It’s the festival that just keeps on going against all odds.

The Montreal World Film Festival has great trouble attracting the Hollywood stars and pics and, in recent years, it hasn’t been much more successful snaring A-list auteur titles.

Wisely, fest prexy Serge Losique and his trusted veepee, Daniele Cauchard, have tried to turn that dilemma into a virtue by focusing on up-and-coming helmers and pics from off-the-beaten-track territories.

Chinese director Lin Lisheng’s “Million Dollar Crocodile” will open the 36th edition on Aug. 23 and kick off the World Greats section.

The event closes Sept. 3 with the screening of a higher-profile pic, Gallic filmmaker James Huth’s “Happiness Never Comes Alone,” starring Sophie Marceau and Gad Elmaleh.

In between, there’s a major focus on discoveries in the First Films World Competition, World Greats and Focus on World Cinema sidebars, which are light on marquee names.

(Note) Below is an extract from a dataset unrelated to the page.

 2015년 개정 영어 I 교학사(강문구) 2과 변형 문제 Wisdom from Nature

Greta Scacchi will be on hand as president of the jury while Volker Schlondorff will drop in to give a master class, and China Film Business Week will focus on that country’s booming movie scene.

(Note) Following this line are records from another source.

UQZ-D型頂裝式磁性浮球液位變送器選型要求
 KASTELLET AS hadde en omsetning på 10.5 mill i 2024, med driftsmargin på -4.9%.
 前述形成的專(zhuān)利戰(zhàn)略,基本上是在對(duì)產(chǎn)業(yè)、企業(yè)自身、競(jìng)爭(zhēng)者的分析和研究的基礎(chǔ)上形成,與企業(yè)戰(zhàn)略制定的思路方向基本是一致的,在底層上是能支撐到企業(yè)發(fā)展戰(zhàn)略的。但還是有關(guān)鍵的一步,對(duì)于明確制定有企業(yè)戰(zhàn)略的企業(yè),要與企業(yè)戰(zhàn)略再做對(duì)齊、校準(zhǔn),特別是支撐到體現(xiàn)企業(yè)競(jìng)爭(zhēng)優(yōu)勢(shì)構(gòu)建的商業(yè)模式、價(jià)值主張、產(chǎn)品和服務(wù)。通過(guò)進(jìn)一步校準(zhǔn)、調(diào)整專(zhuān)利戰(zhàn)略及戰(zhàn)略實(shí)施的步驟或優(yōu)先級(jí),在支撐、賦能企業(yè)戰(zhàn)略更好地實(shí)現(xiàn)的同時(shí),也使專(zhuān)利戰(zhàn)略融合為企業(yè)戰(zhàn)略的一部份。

In all, the fest will screen 432 films from 82 countries, including 212 features, of which 110 will have their world or international premieres at Montreal.

The Montreal fest doesn’t draw the crowds it used to but it remains a popular event for cinephiles, with longtime supporters remaining devoted to the event. .

But the local industry has gradually moved away from the fest and there has been a major decline in representation from the Quebec film milieu.

Once again this year, tongues have been wagging about the lack of top-drawer, made-in-Quebec features at the province’s biggest film fest. The most prominent Quebecois film in the line-up is director Claude Gagnon’s “Karakara,” a Japan-set pic starring Gabriel Arcand and Youki Kudoh.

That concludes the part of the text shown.